Skip to content

The shape of VM to come

pclouzet edited this page Jan 23, 2024 · 14 revisions

Install a Virtual Machine using qemu

Install qemu

Get qemu
git clone https://gitlab.com/qemu-project/qemu.git

Install qemu

mkdir build \
cd build \
../configure --enable-slirp \
make -j \
sudo make install \

Install a VM using qemu

Get an image of debian12.2.0 we want to boot on as a virtual machine:
wget https://www.debian.org/distrib/netinst/debian-12.2.0-amd64-netinst.iso .

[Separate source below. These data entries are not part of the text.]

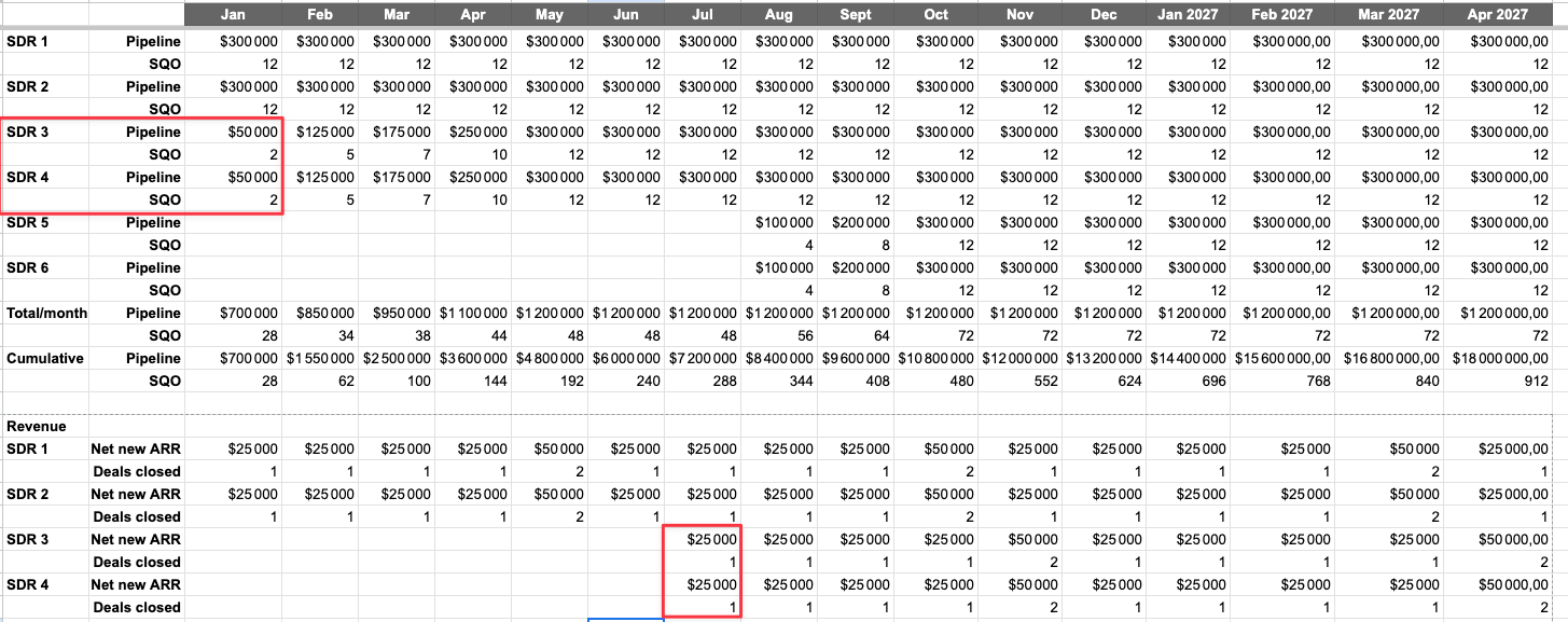 “So: 12 SDRs × 12 SQOs (goal) × conversion rates = pipeline”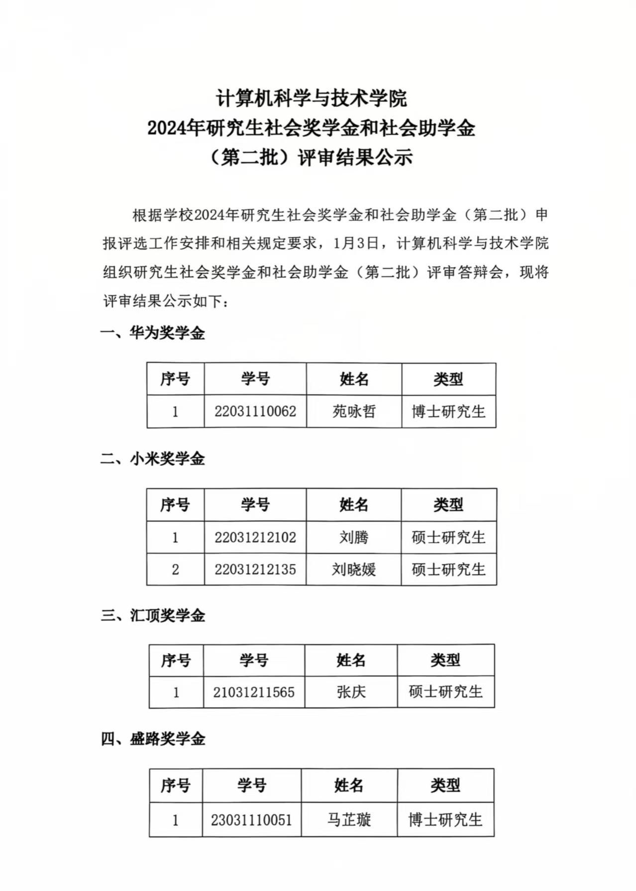 美加墨世界杯官方网站2024年研究生社会奖学金和社会助学金(第二批)评审结果公示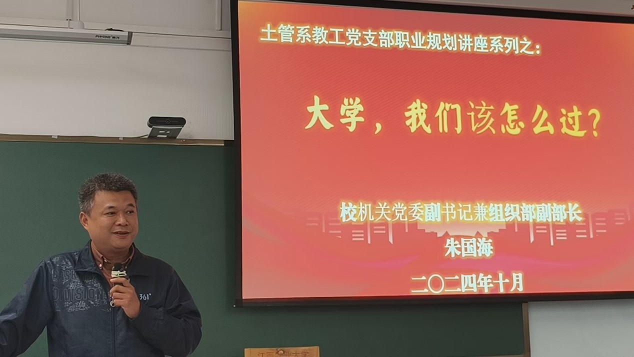 10月29日,在即将迎来119周年校庆之际,我院98级土地利用与规划专业校友、校机关党委专职副书记兼组织部副部长朱国海应邀为我院师生做职业规划讲座。讲座由院党委副书记马慧琴书记主持,土管系教师、土地资源管理专业、地理信息科学专业全体大一新生共140余人参加了讲座。
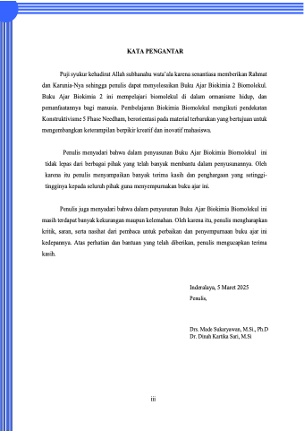 Penulis menyadari bahwa dalam penyusunan Buku Ajar Biokimia Biomolekul ini
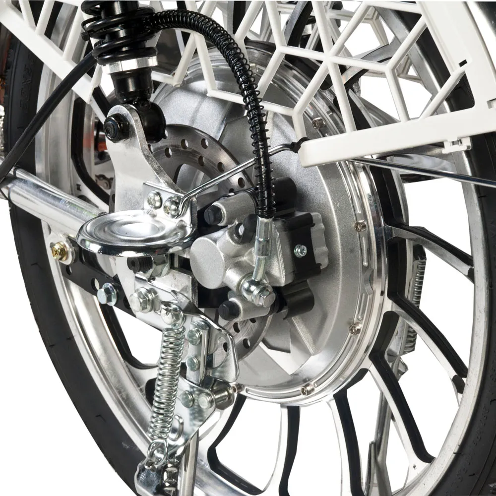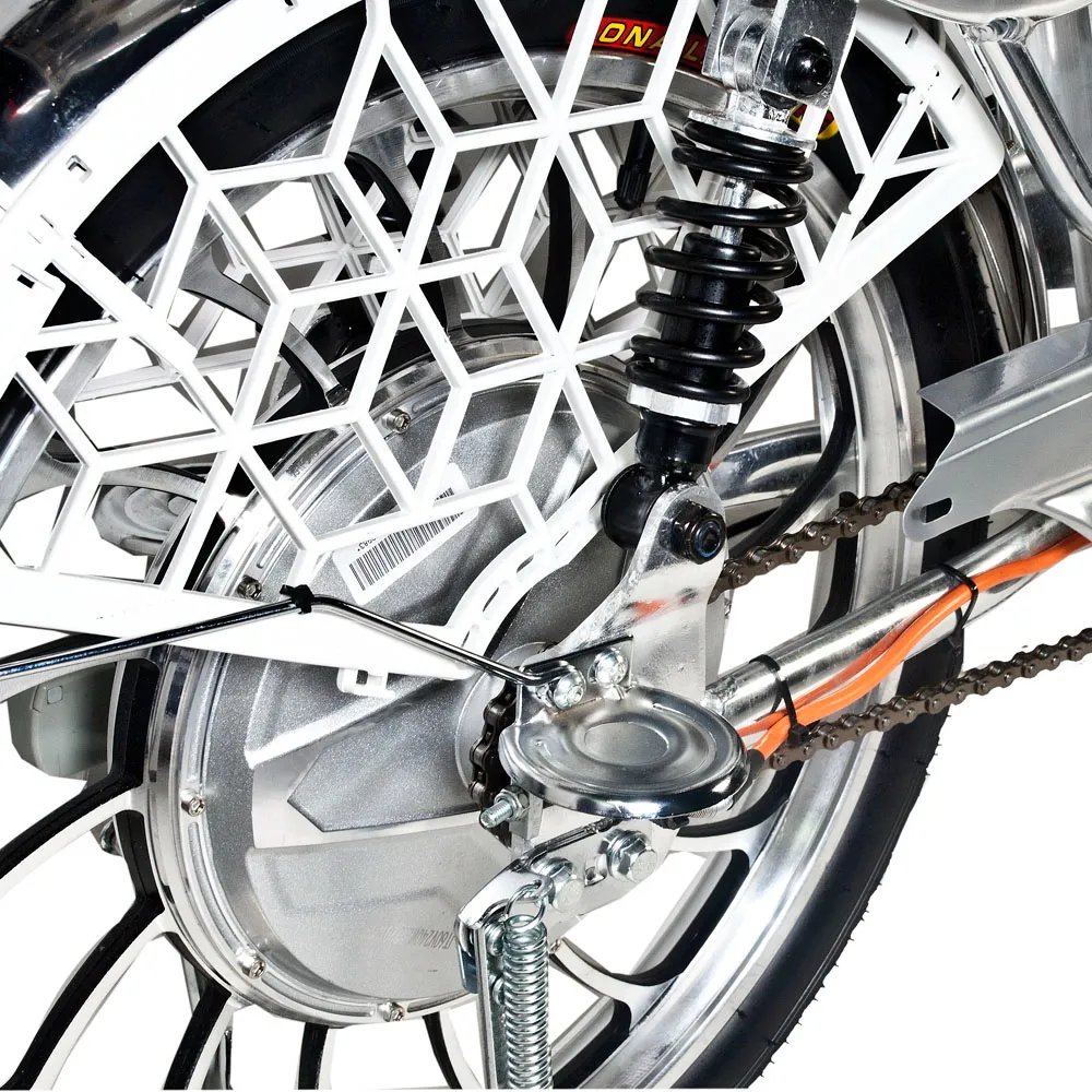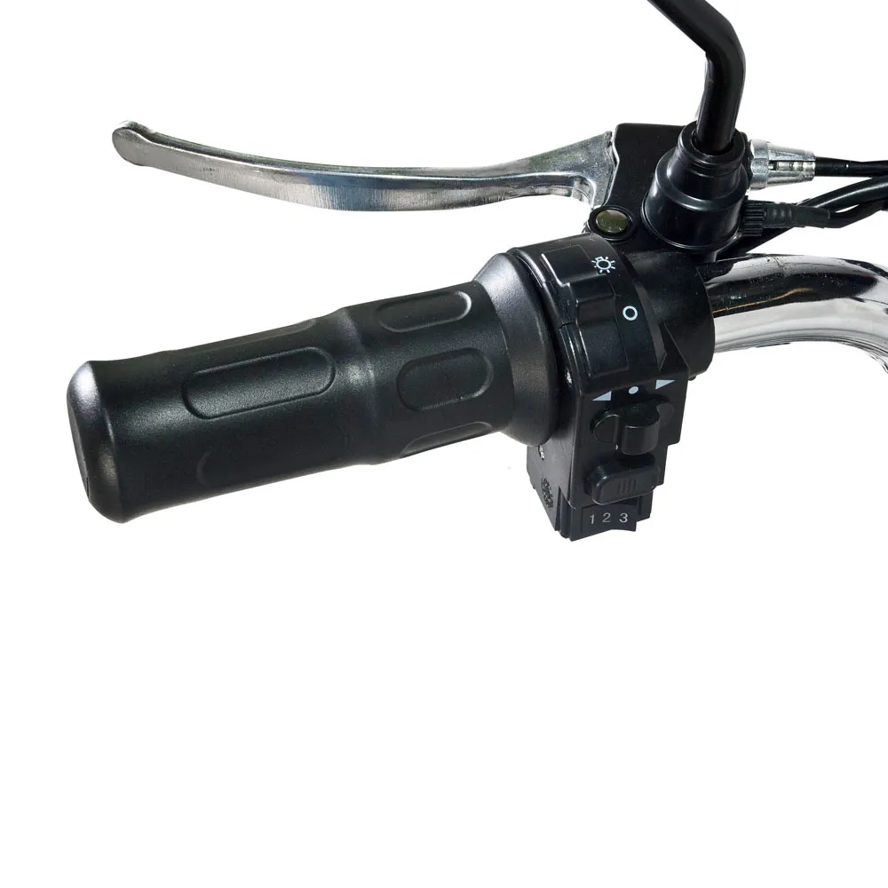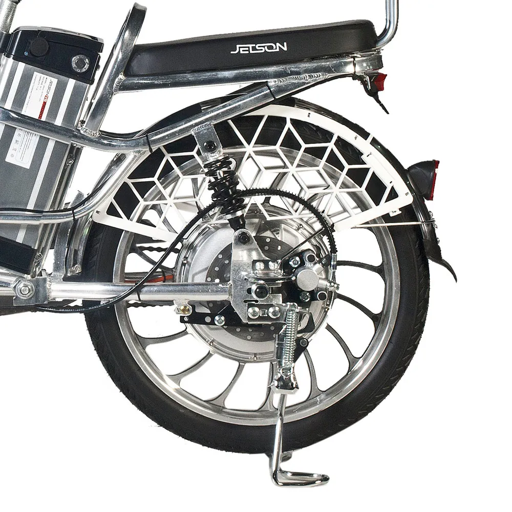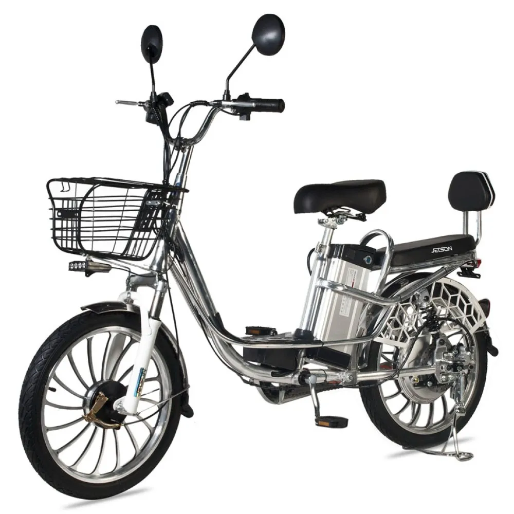 Электровелосипед Pro Max 20D от компании Jetson – прекрасный выбор для поездок по городу и вне его. Его лёгкая алюминиевая рама выдерживает до 200 килограмм и имеет скромные габариты, что придаёт велосипеду манёвренности. Помимо этого, велосипед имеет хорошую управляемость, обеспеченную правильной посадкой, удобным рулём и 20-дюймовыми колёсами, позволяющими преодолевать любые неровности на городских и загородных дорогах. На руле велосипеда расположены ручки тормоза, ручка газа, бортовой компьютер и зеркала заднего вида. Амортизационная вилка, как и задние пружинные амортизаторы, с лёгкостью сглаживают все неровности дорожного покрытия. Сидение велосипеда Pro Max 20D – большое и мягкое. Помимо этого есть возможность установки второго сидения для пассажира. Отсек аккумулятора располагается под сидением, что делает аккумулятор легкосъёмным. Ёмкость батареи – 13000 мАч, что даёт проезжать на велосипеде до 55 километров на одном заряде. Также всегда можно докупить батарею на 20 Ач (да, она тоже помещается в отсек АКБ), тем самым увеличив дальность пробега в разы! Электродвигатель, установленный на этой модели, позволяет разогнаться до 50 км/ч. Для безопасной остановки таких мощностей Jetson Pro Max 20D имеет современные гидравлические тормоза. За заметность велосипеда ночью отвечают стоп сигнал и передняя фара, помогающая лучше видеть дорогу.

Create a disk image (qcow2 format) where the vm will store
qemu-img create -f qcow2 mydisk.img 20G

Install the vm running on debian with qemu:

qemu-system-x86_64 -boot d -cdrom debian-12.2.0-amd64-netinst.iso -m 4G \
-device e1000,netdev=net0,mac=52:54:00:12:34:56 -netdev user,id=net0,hostfwd=tcp::10022-:22 \
-hda mydisk.img -accel kvm

Follow all instruction from the interface and you're done. -accel kvm helps boosting the installation time (from 1h30 to 20min in my case)

Launch our new VM

Let's say we want to run debian with 8Gb of ram:
qemu-system-x86_64 -hda mydisk.img -m 8G -accel kvm

A vm can use a lot of ressources and slow down its usage, we can lighten our efforts by disabling all graphical interface: Open a terminal within the vm and run

sudo systemctl set-default multi-user.target
sudo reboot

Just in case, you can re-enable it with:

systemctl set-default graphical.target
sudo reboot

Snapshot of an Image

Before going further, we can save our mydisk.img as snapshots thanks to qcow2 format:

qemu-img create -f qcow2 -b mydisk.img -F qcow2 snapshot.img

'mydisk.img' should not be modified anymore, because, any change could corrupt snapshots.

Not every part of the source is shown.